#### [What you will do]
Please print, exactly, only the lines in the entries below from the line that has "玉質潔白晶瑩,璧的兩面琢刻穀" through the line that has "Department-wise Monthly Clinical Material". Pictures don't go in.

---- Dataset extract

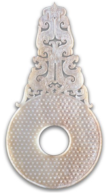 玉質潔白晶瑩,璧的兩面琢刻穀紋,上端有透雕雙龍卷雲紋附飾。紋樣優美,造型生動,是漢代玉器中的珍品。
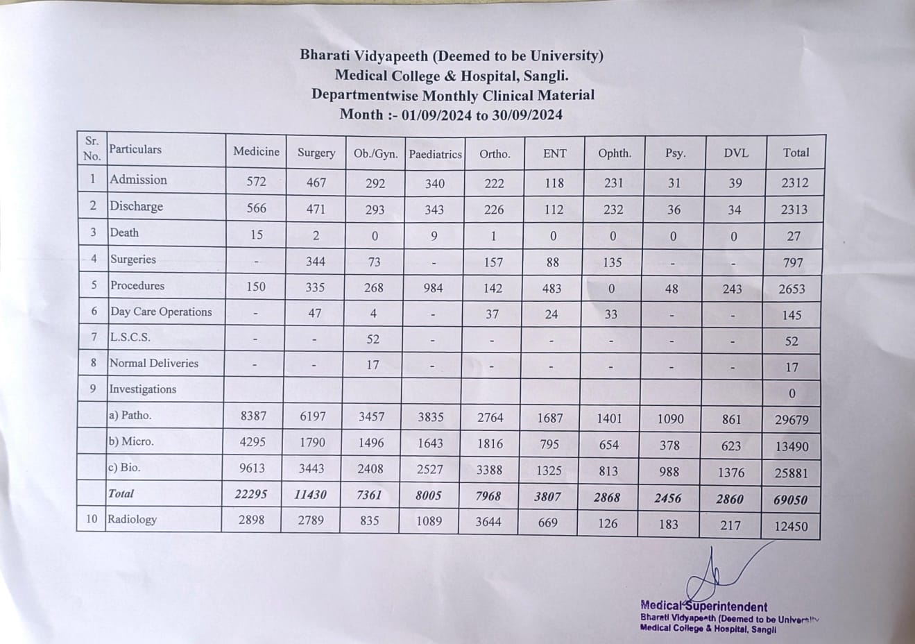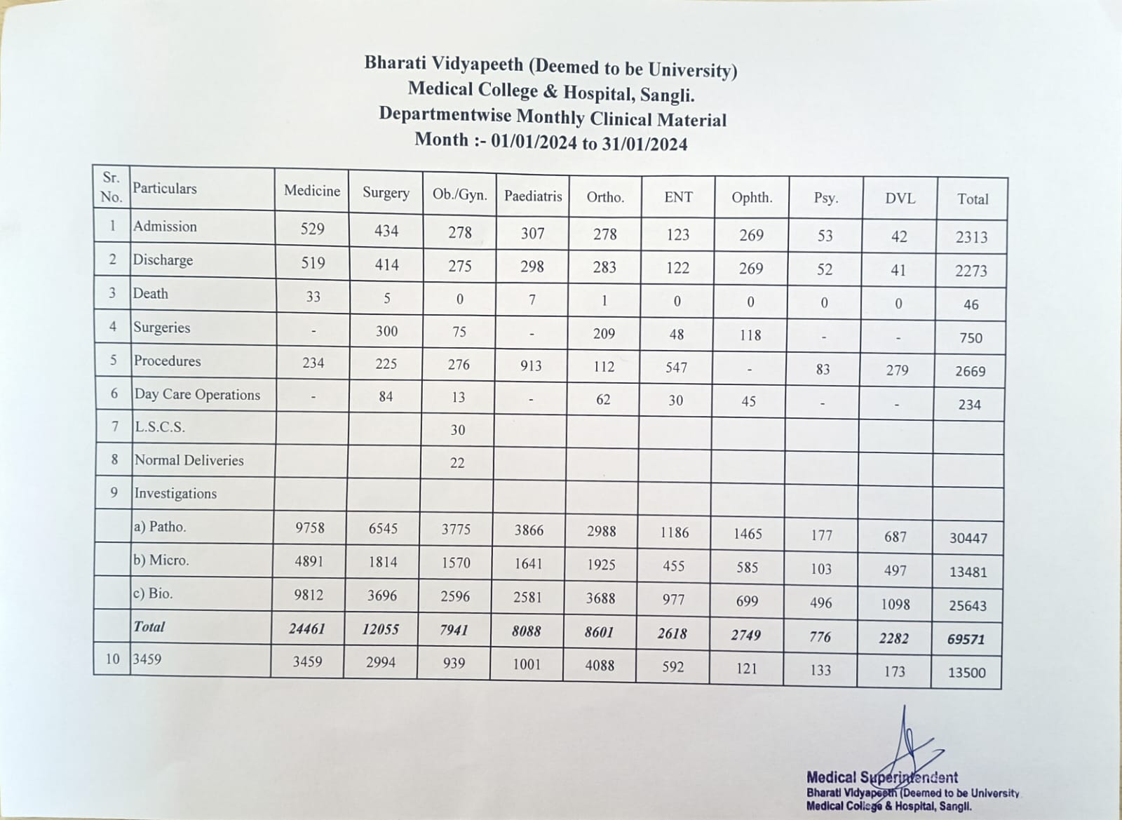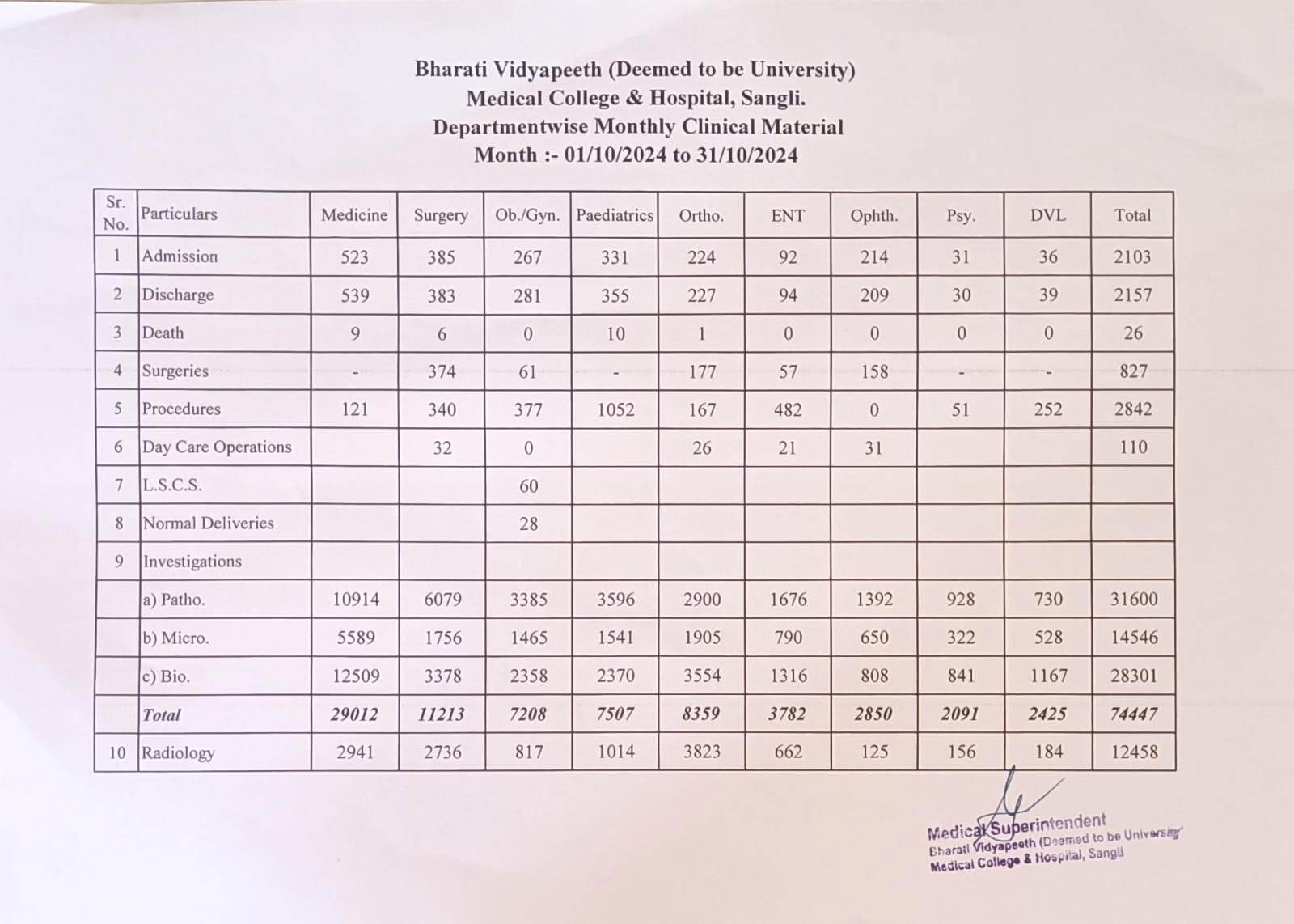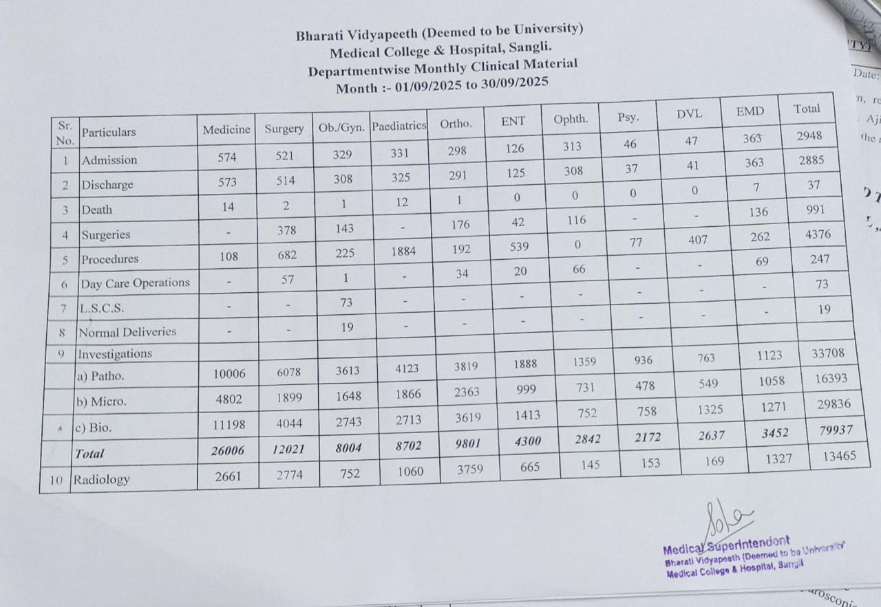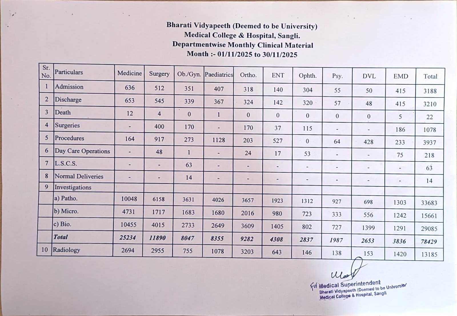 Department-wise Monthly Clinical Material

--------
---- Dataset extract

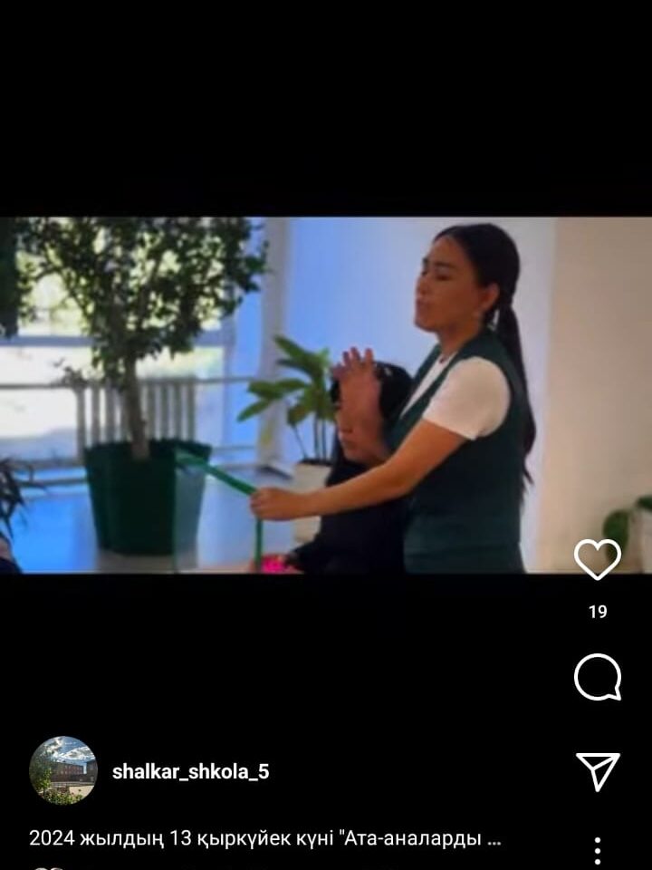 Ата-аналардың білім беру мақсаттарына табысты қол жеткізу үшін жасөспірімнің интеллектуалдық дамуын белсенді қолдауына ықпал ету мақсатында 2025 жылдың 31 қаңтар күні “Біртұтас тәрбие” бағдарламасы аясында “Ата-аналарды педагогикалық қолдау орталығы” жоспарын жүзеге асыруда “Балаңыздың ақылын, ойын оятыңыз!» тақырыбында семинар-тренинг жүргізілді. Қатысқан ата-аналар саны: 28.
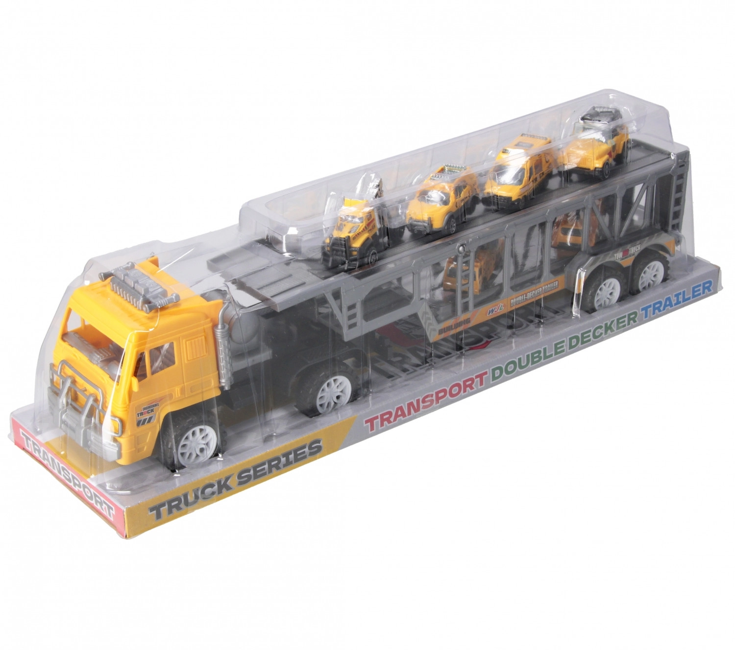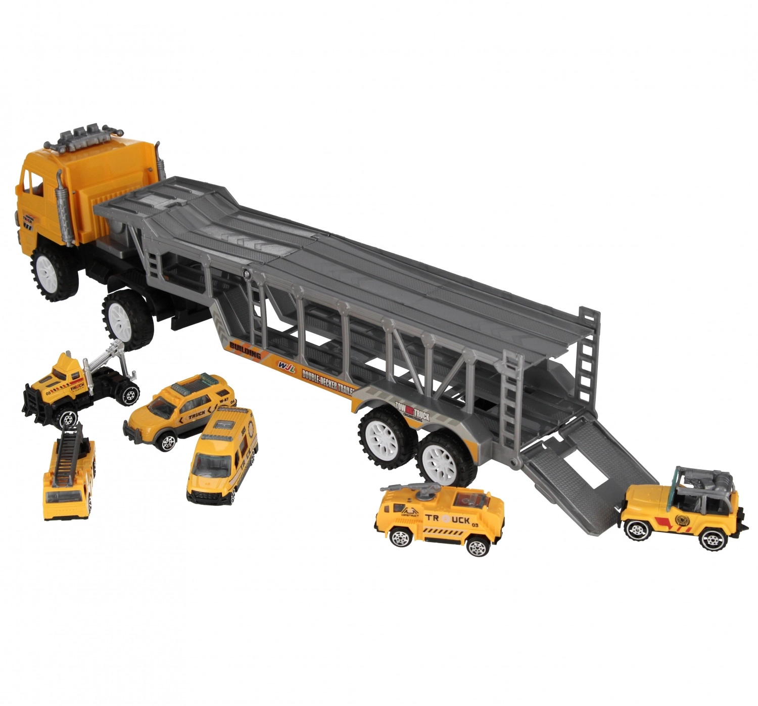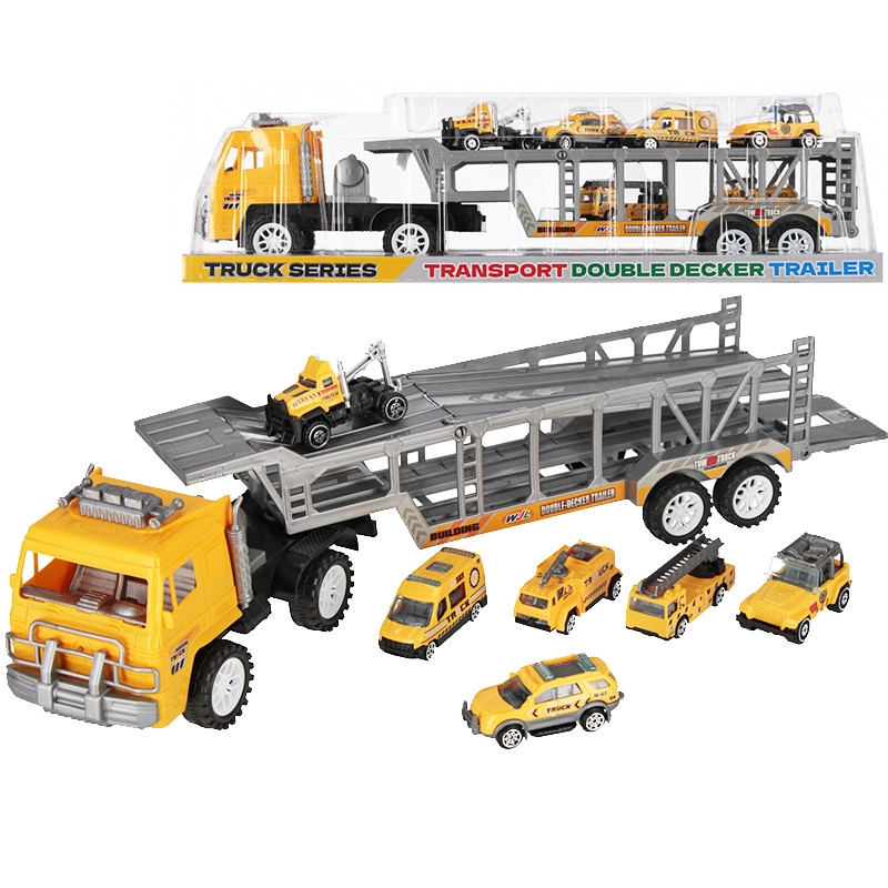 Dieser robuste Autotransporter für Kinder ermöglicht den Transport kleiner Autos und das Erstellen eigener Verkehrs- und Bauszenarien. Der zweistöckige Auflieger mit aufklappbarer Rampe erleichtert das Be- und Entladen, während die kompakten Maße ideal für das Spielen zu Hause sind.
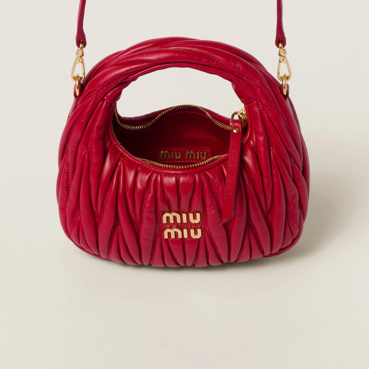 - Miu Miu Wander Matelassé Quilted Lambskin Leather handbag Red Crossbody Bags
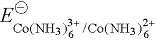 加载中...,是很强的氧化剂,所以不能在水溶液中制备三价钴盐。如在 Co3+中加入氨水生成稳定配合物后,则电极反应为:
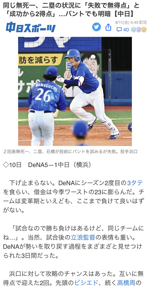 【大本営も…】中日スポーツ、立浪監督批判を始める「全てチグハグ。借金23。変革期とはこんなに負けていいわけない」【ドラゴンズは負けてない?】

--------
---- Dataset extract

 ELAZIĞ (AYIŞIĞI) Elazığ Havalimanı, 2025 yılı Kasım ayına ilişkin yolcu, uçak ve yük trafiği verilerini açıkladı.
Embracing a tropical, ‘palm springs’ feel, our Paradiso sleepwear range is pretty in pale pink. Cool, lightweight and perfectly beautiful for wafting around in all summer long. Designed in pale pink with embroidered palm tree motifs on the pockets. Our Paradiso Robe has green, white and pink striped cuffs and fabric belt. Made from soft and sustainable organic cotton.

--------

#### [Finished exercise]
 玉質潔白晶瑩,璧的兩面琢刻穀紋,上端有透雕雙龍卷雲紋附飾。紋樣優美,造型生動,是漢代玉器中的珍品。
 Department-wise Monthly Clinical Material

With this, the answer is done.